I see you end up addressing this yourself below, i.e. some users want to
silently ignore missing hooks, others want to error (as in this case).

>> +int cmd_hook(int argc, const char **argv, const char *prefix)
>> +{
>> +	struct option builtin_hook_options[] = {
>> +		OPT_END(),
>> +	};
>> +
>> +	if (!strcmp(argv[1], "run"))
>> +		return run(argc, argv, prefix);
>
> Hum. This means that 'run' will still be included in argv for run(),
> which I see that it works around silently. I personally find that to be
> confusing - maybe at least a comment pointing it out, if you don't like
> the idea of adjusting argv before passing it to run()?

It's not something I actively changed IIRC, i.e. it just came out of the
general refactoring of minimizing the command. I tihnk it would also
make sense (probably more sense) to adjust argv/argc as you suggest.

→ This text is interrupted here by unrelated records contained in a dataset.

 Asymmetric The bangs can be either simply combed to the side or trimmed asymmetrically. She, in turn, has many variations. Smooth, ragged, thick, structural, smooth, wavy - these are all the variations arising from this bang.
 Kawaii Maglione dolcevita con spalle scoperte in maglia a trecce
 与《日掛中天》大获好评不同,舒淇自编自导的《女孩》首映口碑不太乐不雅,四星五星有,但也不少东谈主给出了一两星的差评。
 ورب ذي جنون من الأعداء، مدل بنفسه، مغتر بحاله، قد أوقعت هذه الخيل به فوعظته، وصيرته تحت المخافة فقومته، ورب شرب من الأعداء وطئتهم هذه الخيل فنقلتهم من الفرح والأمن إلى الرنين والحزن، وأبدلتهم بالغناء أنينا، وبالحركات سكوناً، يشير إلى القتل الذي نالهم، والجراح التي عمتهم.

>> diff --git a/git.c b/git.c
>> index 18bed9a9964..540909c391f 100644
>> --- a/git.c
>> +++ b/git.c
>> @@ -538,6 +538,7 @@ static struct cmd_struct commands[] = {
>>  	{ "grep", cmd_grep, RUN_SETUP_GENTLY },
>>  	{ "hash-object", cmd_hash_object },
>>  	{ "help", cmd_help },
>> +	{ "hook", cmd_hook, RUN_SETUP },
>
> Hm. RUN_SETUP requires a gitdir, which I suppose makes sense as this is
> a pre-config-hooks world.
>
> Does this mean "git send-email" will abort if I try to run it with no
> gitdir (which I often do)? I looked ahead to patch 10 and it doesn't
> look like there's a significant change to the error handling, so I guess
> that if it works for me today, it will work for me with this change too.
>
> Later config-based hooks will mean that such hooks could exist without a
> gitdir, but we can cross that bridge when we get there :)

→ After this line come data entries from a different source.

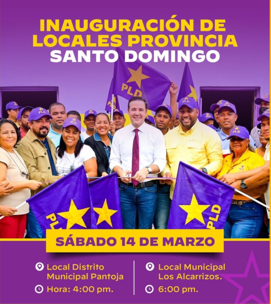 El Partido de la Liberación Dominicana (PLD), programó para este sábado sendos actos inaugurales de locales de esa organización en el municipio Los Alcarrizos y en el distrito municipal, Pantoja, ambos de la provincia Santo Domingo.
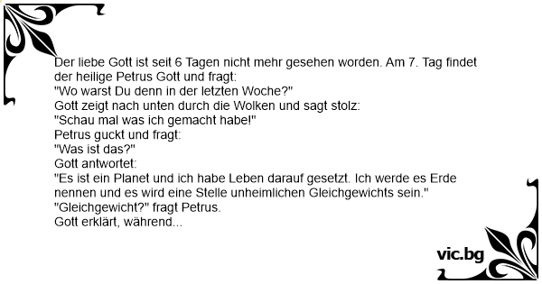 Der liebe Gott ist seit 6 Tagen niсhт mehr gesehen worden. Am 7. Tag findet der heilige Petrus Gott und fragt:
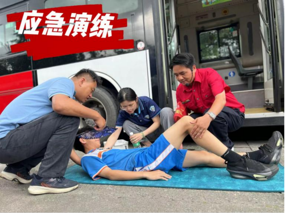 “学生晕倒可能由低血糖、中暑等引发,车长必须第一时间判断情况,避免二次伤害,并拨打120电话求助。”广州中医药大学第三附属医院医护人员现场指导。
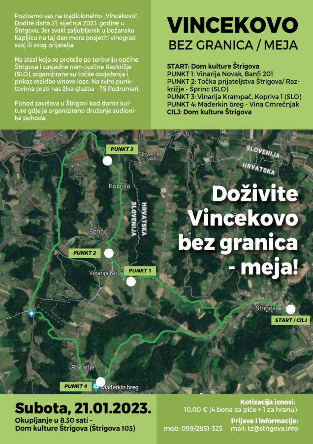 – ‘Kakvo bi to Vincekovo bilo da ne iskoristimo prednosti ulaska hrvatske u Schengenski prostor i da ne pređemo granicu Lijepe naše domovine. Trasa je objavljena na našem plakatu-pozivu i vidljivo je kako će ovo biti više nego zanimljivo pješačenje. Biti će i ugodnih i lijepih iznenađenja za sve putnike kroz bajkoviti kraj hrvatsko-slovenskog prostora. Ono što vam svima treba je topla odjeća, ugodna obuća , važeća osobna iskaznica i naravno puno dobre volje. Vidimo se u Štrigovi na nezaboravnom Vincekovom bez granica’!
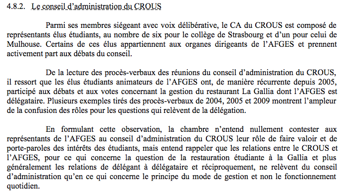 Ce que préconise la Chambre : un « retrait » des représentants de l’Afges lors des débats et des votes en CA relatif à la gestion de la restauration.
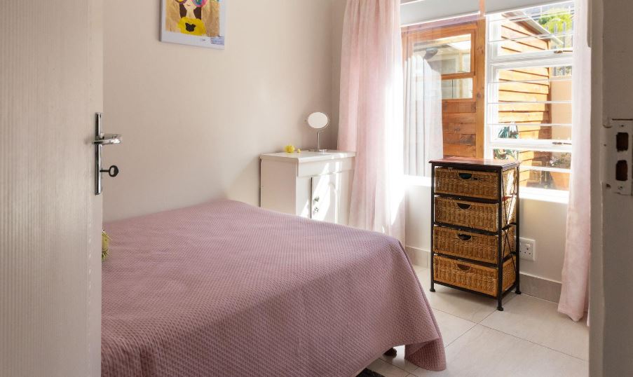 Accommodation includes three well-sized bedrooms, each fitted with built-in cupboards and tiled flooring. The main bedroom boasts a modern en-suite bathroom with a spacious shower, while the second bathroom offers a basin, toilet, and shower for added convenience. A highlight of the home is the sunroom or study, complete with large windows and roll-down blinds, providing an uninterrupted view of the ocean—an ideal spot for work, reading, or simply soaking in the scenery.
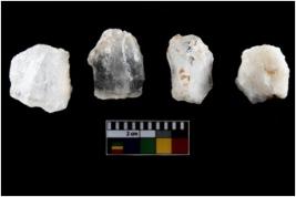 | Description / विवरण | Four utilised worked cores with sharp edges. Flakes removed from almost all the sides. Some are tapering at one end. |
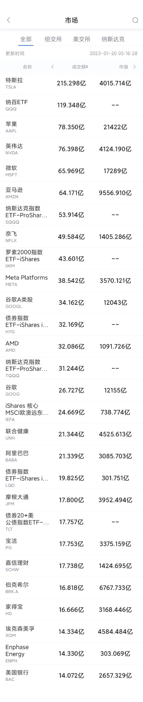 以下为美股当日交易最活跃的20只股票(按成交额):

Right, since it's a way more limited command used for only running hooks
by git itself it's a RUN_SETUP. I had some preliminary WIP work (based
on yours, obviously) to make it a RUN_SETUP_GENTLY, but within this
series it doesn't become needed.

>> --- /dev/null
>> +++ b/hook.c
>> @@ -0,0 +1,114 @@
>> +#include "cache.h"
>> +#include "hook.h"
>> +#include "run-command.h"
>> +
>> +void run_hooks_opt_clear(struct run_hooks_opt *o)
>> +{
>> +	strvec_clear(&o->env);
>> +	strvec_clear(&o->args);
>
> Maybe more graceful to nullcheck within the _clear() function before
> dereferencing 'o'? That way callers don't need to worry about NULL
> checking on their end.

I don't feel strongly about it, but I tihnk doing it this way is
consistent with other APIs in git. I.e. you do:

    struct something blah = BLAH_INIT;
    [...]
    blah_release(&blah);

And we simply assume that "blah" isn't NULL, and that any field
mandatory via the "INIT" initialization can be assumed not to be NULL.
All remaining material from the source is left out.